Self-actualisation and experience are key drivers and present brands with an opportunity to encourage trade up. They’re interested in the world around them, have computers at home and read broadsheets (42% regularly).

They want brands to offer experience and sophistication – more than the basics. While Celebrators were the most financially confident, pension falls mean this once cash-rich typology may have the most to lose in the current climate.

2. Refuseniks

This group (13%) are younger and they’re fighting the ageing process much harder than other segments. They’re 50-60 yrs, working, and the typology most likely to be divorced (24%). They refuse to get older or conform to the stereotype of an older person. In fact they can be in denial of their age, with high use of cosmetics, pharmaceutical products and cosmetic surgery.

They take up pursuits like backpacking or waterskiing that allow them to still feel like a player in a youth-focussed world. Concerned about their finances, they have the most personal debt and are often revolving on credit cards.

They have been forced to make significant compromises and changes to their behaviours to weather the storm. They have made cutbacks on household cleaning and laundry products and everyday food items in order to ensure the disposable income is available for the latest technologies, stylish cars, fashion and socialising. 

3. Treadmillers

This final group (14%) are the youngest segment, 55% are ABC1 and 71% are still working. They are active players in the economic life of society, still on the treadmill of earning and not yet free of responsibilities. A third still have dependent kids at home, and can also be caring for elderly parents.

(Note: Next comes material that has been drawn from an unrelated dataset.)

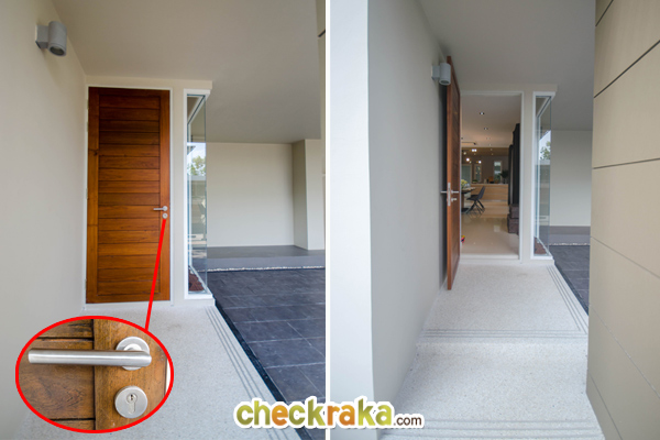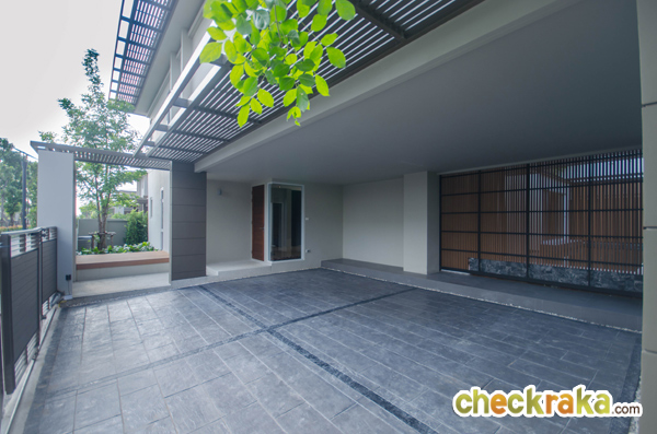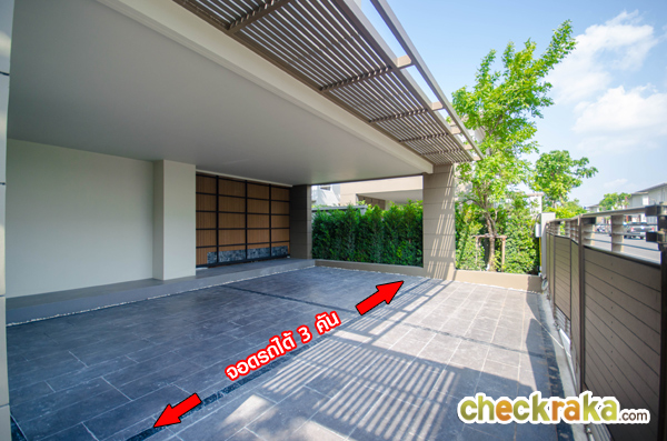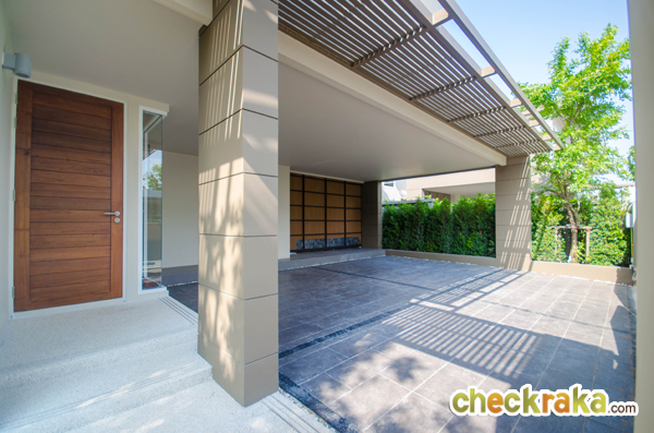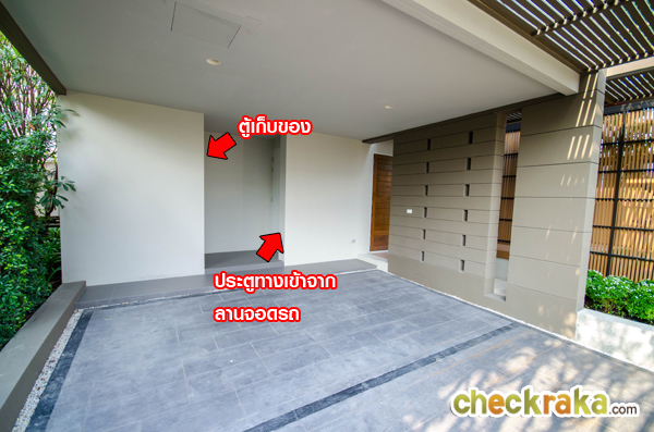 ลานจอดรถจอดได้ 2 คัน มองตรงไปจะเห็นประตูบานเลื่อน สามารถเดินเข้าบ้านจากตรงนี้ได้
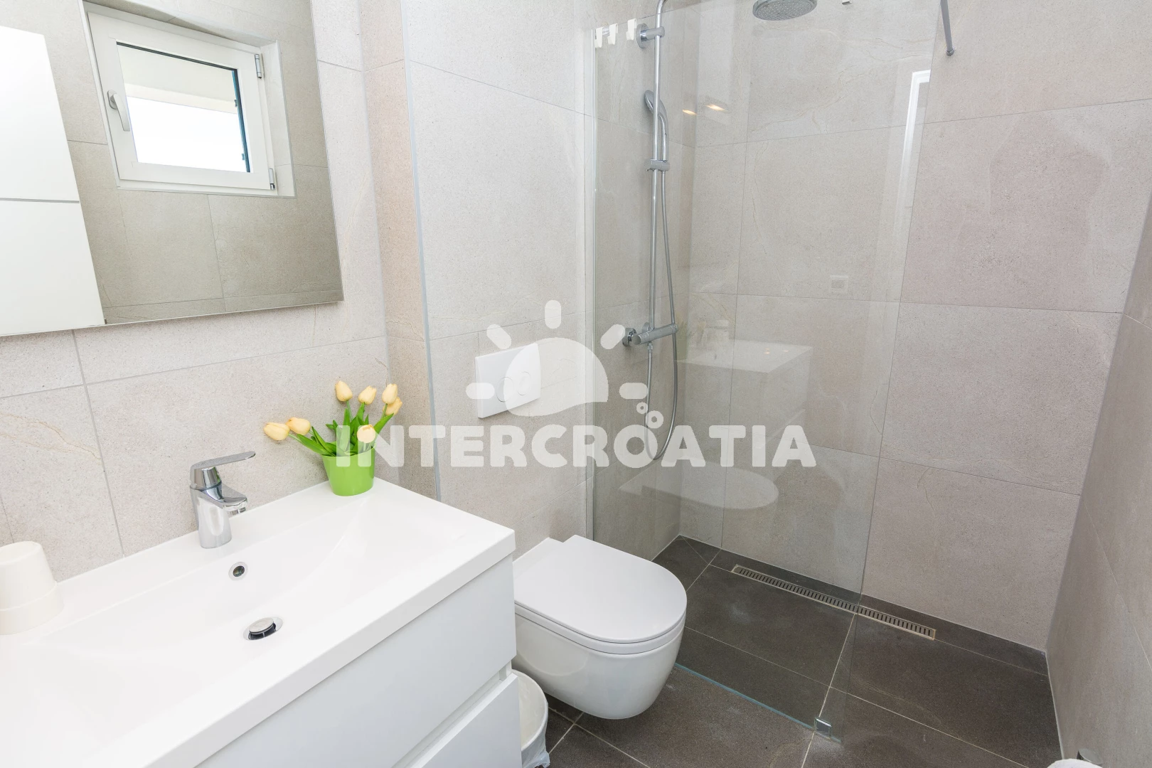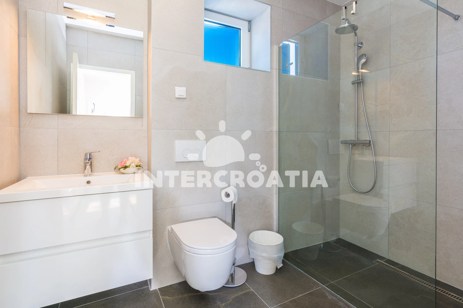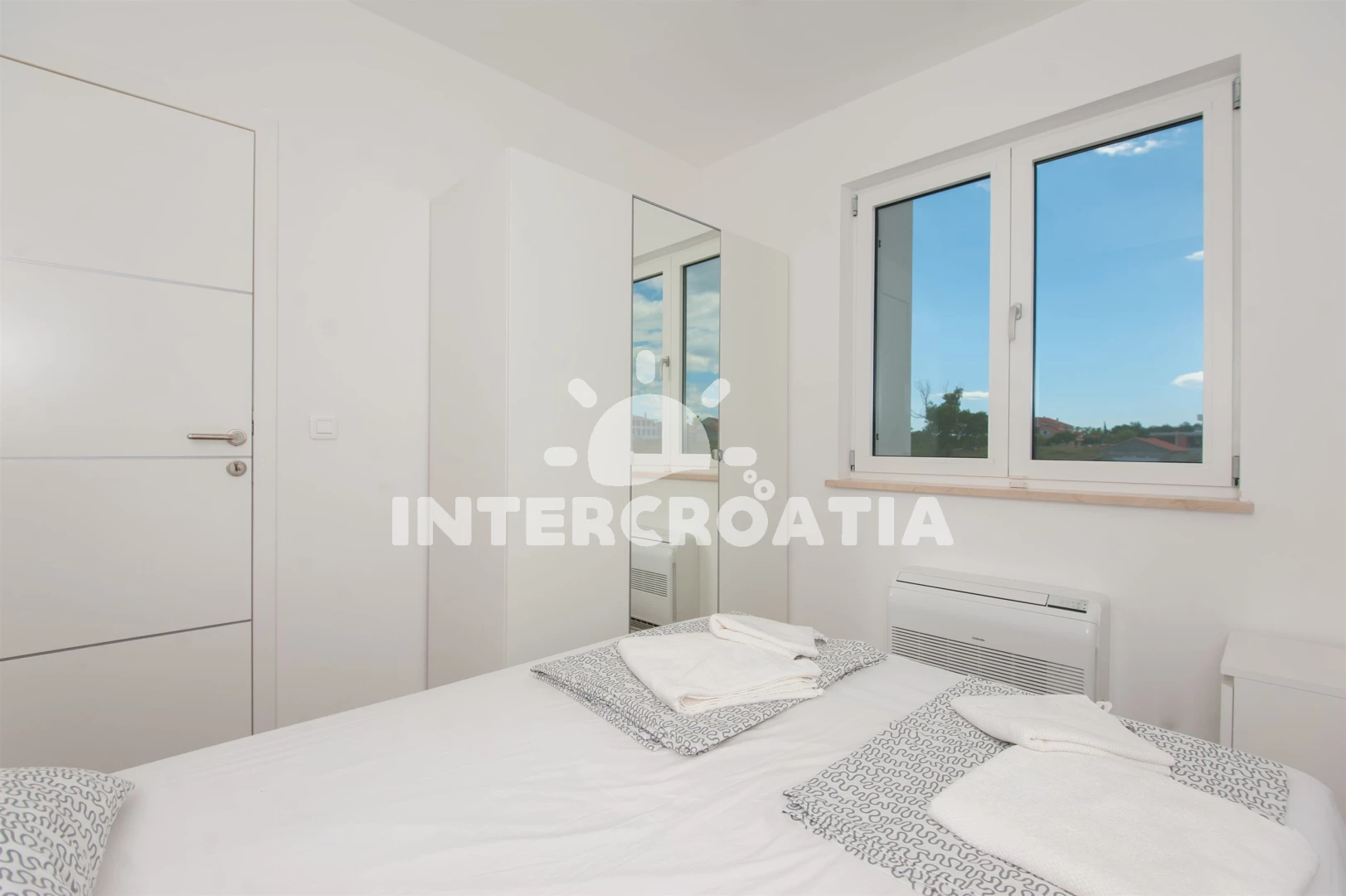 Vzdálenosti: Moře 5 m, pláž 5 m (písčitá a betonové desky), půjčovna kol 5 m, marina 100 m, restaurace 200 m, supermarket 200 m, centrum 200 m, bar 200 m, veřejná doprava 500 m, čerpací stanice 1 km, tenisové kurty 1,5 km, ambulance 2 km, banka 2 km, lékárna 2 km, pošta 2 km, směnárna 2 km, muzeum 6 km, trajekt (Zadar) 20 km, letiště (Zadar) 20 km, park Plitvice 55 km,

They are focussed on the here and now and making the best of their everyday lives. They were the first generation to grow up in an age of sophisticated marketing and advertising messages, and have a more consumerist attitude and outlook than other cohorts.

Ethical purchasing decisions are important to Treadmillers, they want to make a difference through their choices (31% feel guilty about what their generation has done to the planet and 35% buy fairtrade wherever possible). The recession represents the threat of compromise for Treadmillers, with the prospect of working longer and having to make unwanted compromises on their ethical and luxury consumption.

That said, attitudinally the over 50s can respond well to the recession adopting a ‘We’ve dealt with this before and we’ll do it again’ mindset. They feel calmer about the crisis than other lifestages and are more confident they will find ways to cut back if needs be.

Some of the themes to emerge include that more planning and thought is going into decision making across categories, greater use of the internet to research products and brands

Over 50s are switched on to deals and offers with more than half (53%) making sure they always have their eye out for a bargain. But they interrogate offers more than ever, are cynical when one feels too good to be true and avoid offers that seem wasteful.

They also take longer to search for durable goods and negotiate harder at POS, more tough negotiator than meek and mild older shopper.

“Brands need to explore and understand how over 50s consumers are redefining value in the face of the economic crisis: the meaning of value is changing across typologies,” said a spokesperson.

“Our sense is that brands that create a positive narrative around this lifestage and who demonstrate they understand the new value dynamic will be rewarded in the upturn.”

They added, “And perhaps we should rethink the idea of over 50s as loyal consumers who are difficult to shift from engrained habit – only one in five stick to brands they know and trust.”